Мать меня научила брать нож и вырезать у себя на лице жуткие надписи на гнилом наречии, чтобы выглядело правдоподобно, иначе подумают, что это всё – фейк. Не мы же одни такие «умные». Надо приниматься за работу, иначе я ничего не поем сегодня. Я пошёл на кухню, взяв большой, чуть ржавый нож. Поднес к лицу и начал вырезать надпись «Ножом — от виска до челюсти, криво, как жизнь.». Сначала проходит легкое покалывание. Кончик ножа касается кожи, словно спрашивает, всё ли в порядке. Затем я чувствую, как кожа сопротивляется, как будто не хочет рваться. Боль? Нет, сначала только тепло. Это довольно странно. Я ожидал, что будет ощутимо, а вместо этого ощущаю тёплую каплю, которая стекает по щеке, как слеза, но чуть более густая. Затем звучит щелчок. Где-то внутри, в теле. Мягкие ткани расходятся, и лезвие проникает глубже, как будто заходит в место, где его ждали. Тут начинает ощущаться боль. Кровь — её больше, чем я мог подумать. Она не просто течёт, а скорее спешит покинуть тебя. Я чувствую солёный вкус на губах, хотя рот вроде бы и не открывал. А потом приходит странное облегчение. Как будто нож не режет, а наоборот, освобождает. Каждая буква — это не рана, а слово, которое наконец-то вырвалось наружу. Последний рез — самый глубокий. Лезвие задевает что-то важное, и на секунду всё вокруг замирает.

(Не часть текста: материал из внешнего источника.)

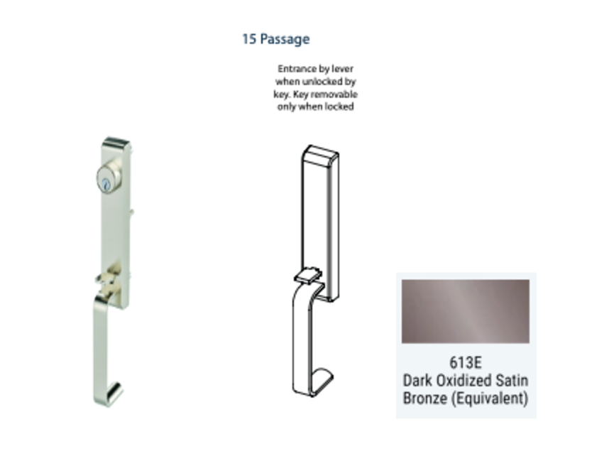 - Available in 3 premium finishes: 613(US10B), 622(US19), 630(US32D)
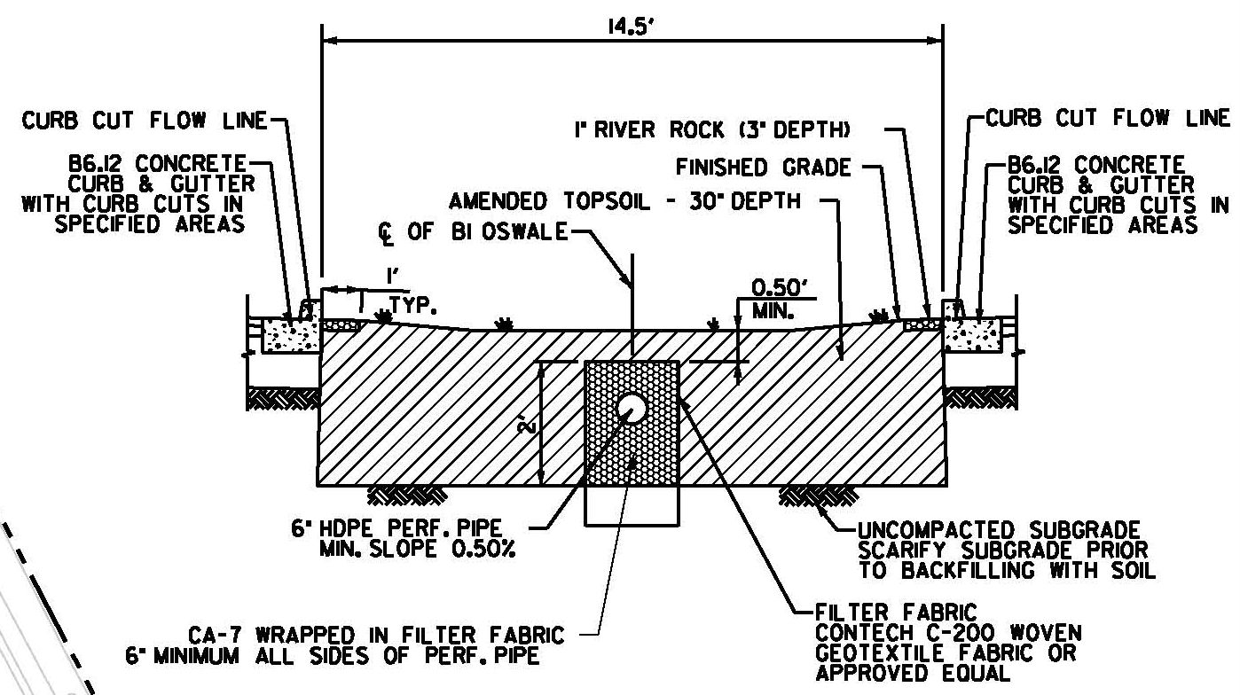 Parking Lot Bioswale Detail (PDF) Parking Lot Bioswale at Hubble Middle School | Bioswale at Blanchard Alliance Church Infiltration Trench at the Hubble Middle School |
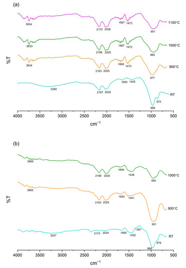 FTIR spectra of (a) FAS and (b) FAB8 geopolymers at elevated temperatures.
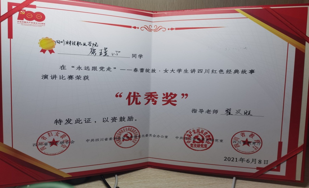 2021年6月8日,由四川省妇女联合会、中共四川省委网信办、中共四川省委党史研究室、四川省教育厅在全省高校组织开展的庆祝中国共产党成立100周年“永远跟党走”——春蕾绽放·女大学生讲四川红色经典故事演讲比赛决赛在四川师范大学举行。参加决赛的高校师生代表、媒体代表共200余人参加活动,直播吸引了65万余人次观看。
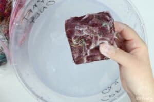 Wrap the bar in mesh fabric, dip in the hot water, and rub gently. Gradually increase the friction until the wool is completely felted.
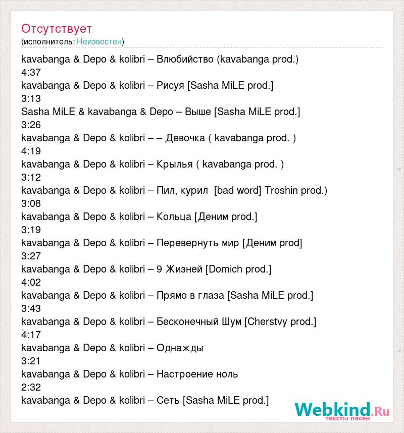 kavabanga & Depo & kolibri – Влюбийство (kavabanga prod.) 4:37 kavabanga & Depo & kolibri – Рисуя [Sasha MiLE prod.] 3:13 Sasha MiLE & kavabanga & Depo – Выше [Sasha MiLE prod.] 3:26 kavabanga & Depo & kolibri – – Девочка ( kavabanga prod. ) 4:19 kavabanga & Depo & kolibri – Крылья ( kavabanga prod. ) 3:12 kavabanga & Depo & kolibri – Пил, курил [bad word] Troshin prod.) 3:08 kavabanga & Depo & kolibri – Кольца [Деним prod.] 3:19 kavabanga & Depo & kolibri – Перевернуть мир [Деним prod] 3:27 kavabanga & Depo & kolibri – 9 Жизней [Domich prod.] 4:02 kavabanga & Depo & kolibri – Прямо в глаза [Sasha MiLE prod.] 3:43 kavabanga & Depo & kolibri – Бесконечный Шум [Cherstvy prod.] 4:17 kavabanga & Depo & kolibri – Однажды 3:21 kavabanga & Depo & kolibri – Настроение ноль 2:32 kavabanga & Depo & kolibri – Сеть [Sasha MiLE prod.]
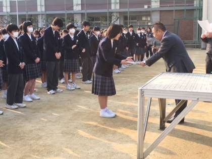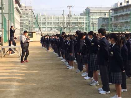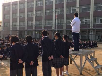 雨上がりのさわやかな天候となったグランドでは、全校集会が行われました。表彰伝達では、技術家庭科の作文入賞、吹奏楽部のソロコンテスト入賞、美術作品では、大阪市作品展での入賞などの伝達を行いました。
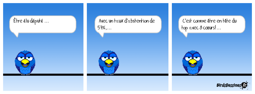 Case 1:Bird 1: Être élu député ... | Case 2: Bird 1: Avec un taux d'abstention de 57%,... | Case 3: Bird 1: C'est comme être en tête du top avec 8 cœurs!...
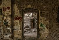 Vanuit een vervallen vertrek zie je een trap naar boven die er niet veilig uit ziet, de doorgang er naast ziet er niet veel beter uit, dit is in een verlaten fort in België
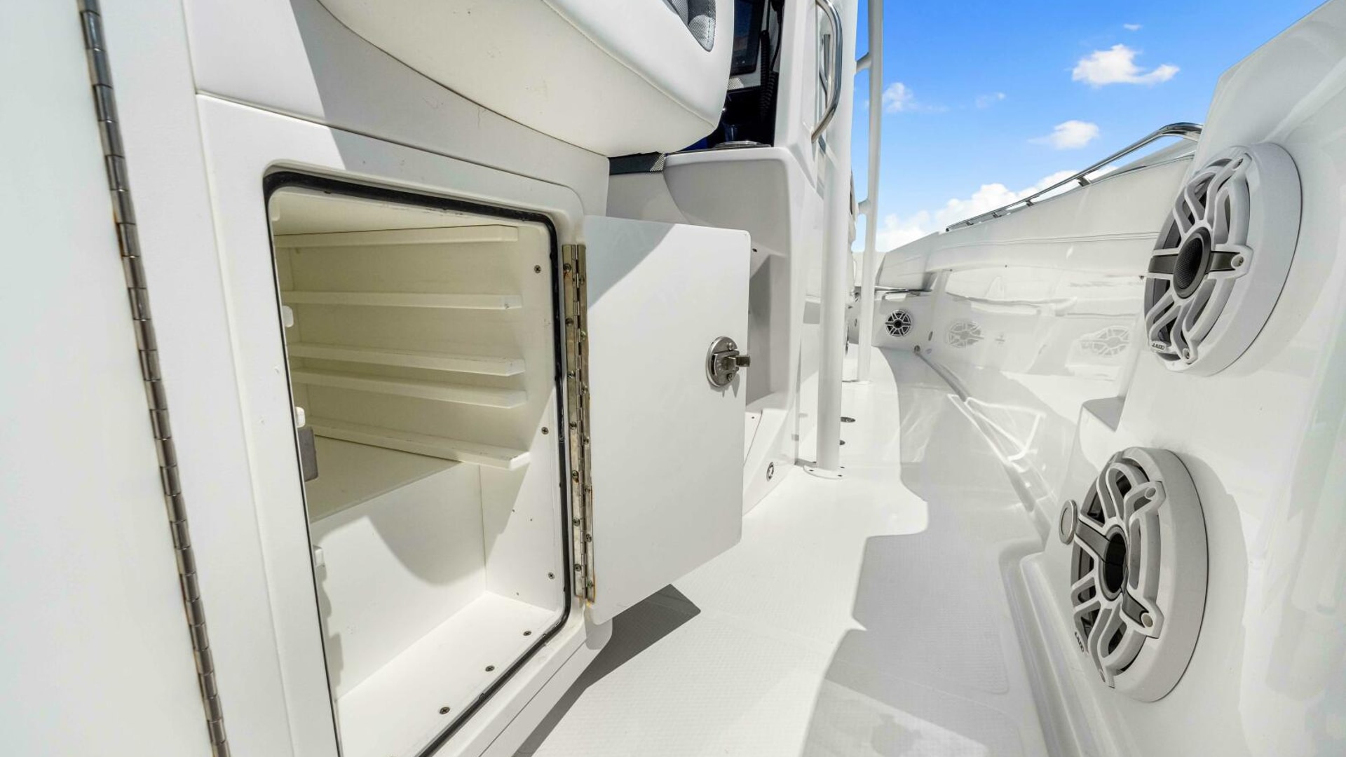 One owner boat where the pride of ownership is seen as soon as you walk out on the dock. The boat lives on a lift that has a full cover that protects the whole hull from the Florida Sun.

Вах! Красота какая! Я смотрюсь на себя в зеркале, вырезано как надо. Вах! Сегодня точно выбью большой куш!

Но тут в комнату вошла мать:

— Сынок, ты закончил вырезать на лице жуткие послания на гнилом наречии?
— Да, конечно, мамуль, – я показываю ей лицо
— Дай гляну… Что за каракули?! Грязно, небрежно, с ошибками! Никто не поверит, что тебя похищали Озверелые и не даст нам милостыни! Сейчас срежу верхний слой кожи, как заживёт – переписывай заново!

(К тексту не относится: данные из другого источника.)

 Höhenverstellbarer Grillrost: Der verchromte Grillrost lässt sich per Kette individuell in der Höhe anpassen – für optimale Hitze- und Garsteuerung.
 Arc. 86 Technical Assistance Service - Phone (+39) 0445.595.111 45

Я не кричал. Сначала просто чувствовалось тепло материнских рук на моем лбу — жесткая ладонь прижимала меня к столу, как в детстве, когда она вынимала занозу. Теперь вместо иглы было лезвие. Оно коснулось моей виска, почти нежно, как перо, готовое написать первую букву.

Лезвие легко вошло. Казалось, кожа сама расступалась, стыдясь несовершенства. Первая капля крови появилась не сразу — она медленно проступала, как чернила на бумаге. Я почувствовал, как что-то горячее течет по щеке, но мама быстро подставила таз. Капли звенели, как монеты, падающие на дно.

— Ты же знал, как надо, — произнесла она, а лезвие скользнуло вниз по щеке.

Боль не пришла сразу. Сначала было странное чувство освобождения, будто убывает старая маска. Потом начали ощущаться жар и пульсация, как растопленный воск. Она работала осторожно и спокойно — не как мясник, а как человек, который заменяет испорченную страницу. Кожа отходила кусочками, открывая мокрую плоть. Я увидел свое отражение в тазу — алое, пульсирующее, новое лицо, свободное от старых ошибок.

— Вот так, — сказала мама, откладывая нож и проводя пальцами по моей оголенной мышце, стирая остатки крови. — Теперь ты чист.

На полу, в луже розоватой воды, плавали мои старые слова — сморщенные, бледные, как змеиные шкурки.

Я поднял дрожащие руки к лицу. Теперь на нем не было ничего.

Ничего — кроме пространства для новых букв.


Я посмотрел на маму – она лишь вздохнула. Что-ж, работа того требует. Надо начинать заново.

Я взял нож.

Загрузка...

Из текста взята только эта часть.